In the beginning God created the heaven and the earth. And the earth was without form, and void; and darkness was upon the face of the deep. And the Spirit of God moved upon the face of the waters. And God said, “Let there be light...”

Alter’s translation:

When God began to create heaven and earth, and the earth then was welter and waste and darkness over the deep and God’s breath hovering over the waters, God said, “Let there be light.”

It really is a treat to read these foundational stories in the direct, concrete, and vivid language used by Alter. He manages to make them beautiful in English despite his primary focus on faithful translation of the Hebrew. I also recommend his translation of the book of Psalms.
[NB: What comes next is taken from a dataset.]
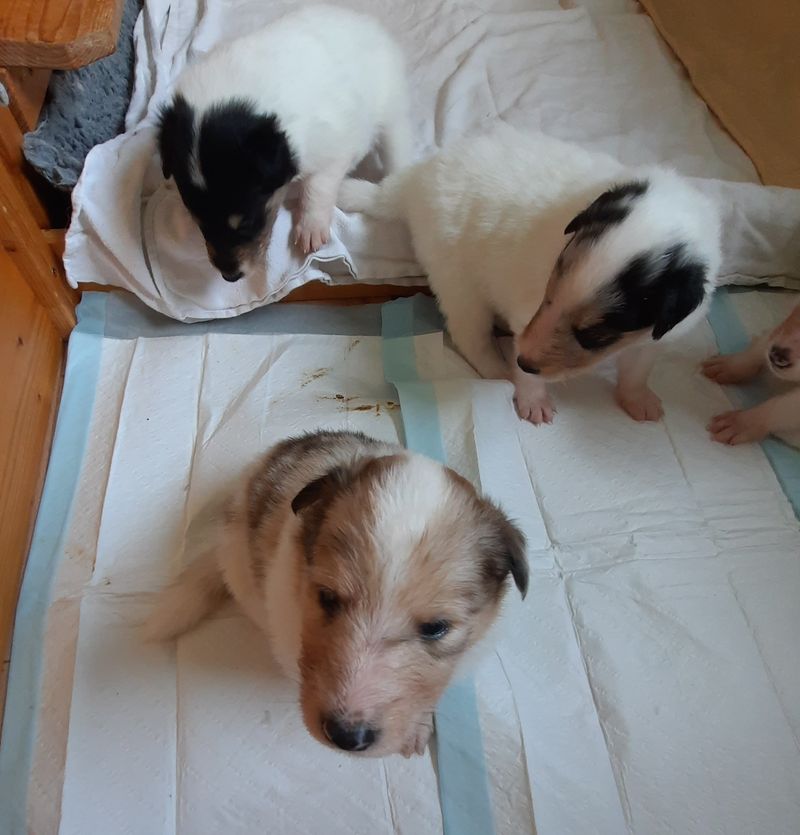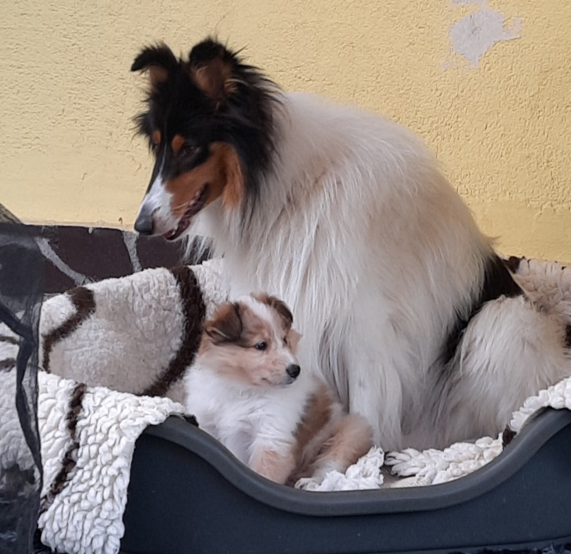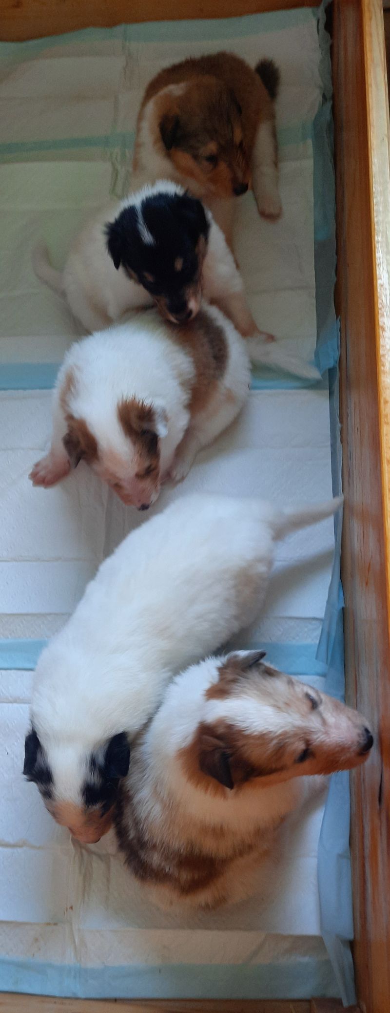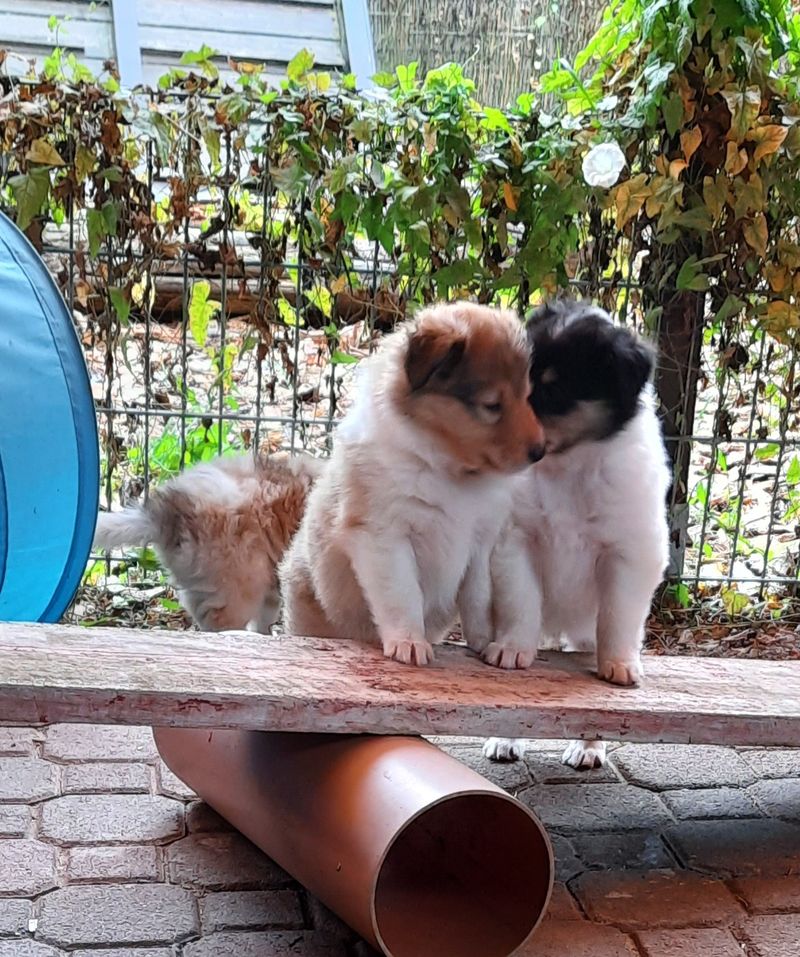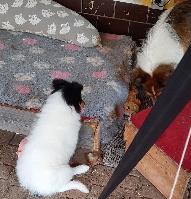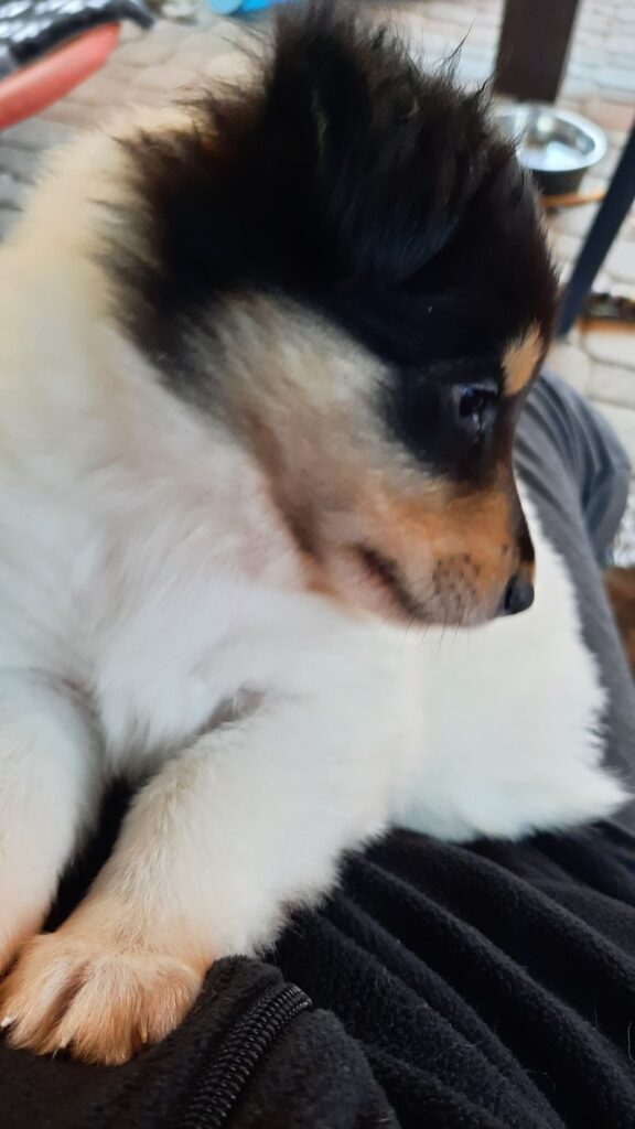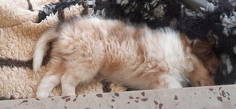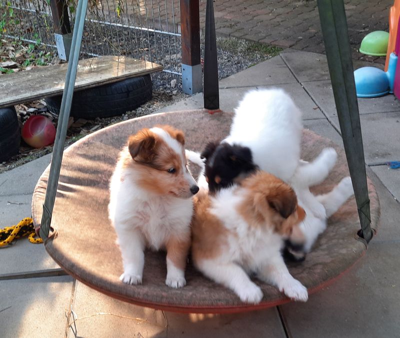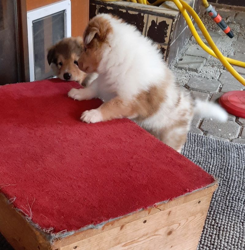 15.09.25 ( 36 Tage alt, 4 Wochen ) Huhu ich bin´s wieder der Silas, hat mich noch keiner überholt. 😉 Wollte euch doch von unseren letzten Tagen berichten, hier ist ja ziemlich viel passiert. Angefangen von unserer Toilette, die sich seltsamerweise in Heu verwandelt hat und dann am nächsten Tag wurde unsere Box geöffnet, das war vielleicht aufregend, wie ihr ja gesehen habt hatte ich gehörigen Respekt davor, die anderen sind ja gleich raus ins Getümmel 🙂 Dann hatten wir Besuch von Fraulis Freudin, die kommt ja öfter zum Knuddeln und am nächsten Tag waren hier ganz liebe Leute für Joey. Aber die hatten ihr Schaff, denn Yuki wollte unbedingt ihr Hund werden. Sie hat sich die ganzen 3,5 Stunden nicht von den Leuten wegbewegt und war dann abends im Koma 😀 Naja, man kann nicht alles haben. Am nächsten Tag kam dann Silas Frauli, sie hat ja unseren Halbbruder/Onkel Keanu schon von Mama. Tja, und im Garten waren auch schon fast alle. Aber so toll fanden wir es da nicht, weil es so windig war. So, nun zeig ich euch noch die Fotos dazu und sage bis demnächst, vielleicht wieder mit mir euer Silas . 😉

Well, it has now taken me longer to write this post than it used to take me to write a five-page paper back in my grad school days.  I'm going to go take a nap now.  What's on your nightstand?

3 comments:

Jill Spencer said...

Today, a box of kleenex, my glasses, my bible, a boring book to be read in the middle of the night when I can't get back to sleep, a novel by Mary Higgins Clark, and the next TC Reads selection.

Mom (as if you didn't know)

Anonymous said...

An alarm clock which never gets used because we have two human alarm clocks (one 10 months, the other 3 years), a pen, two notebooks in which I record things about the boys' lives, and a book about feeding your children which I have renewed three times and probably will never finish.

Unknown said...

An alarm clock which never gets used because we have two human alarm clocks (one 10 months, the other 3 years), a pen, two notebooks in which I record things about the boys' lives, and a book about feeding your children which I have renewed three times and probably will never finish.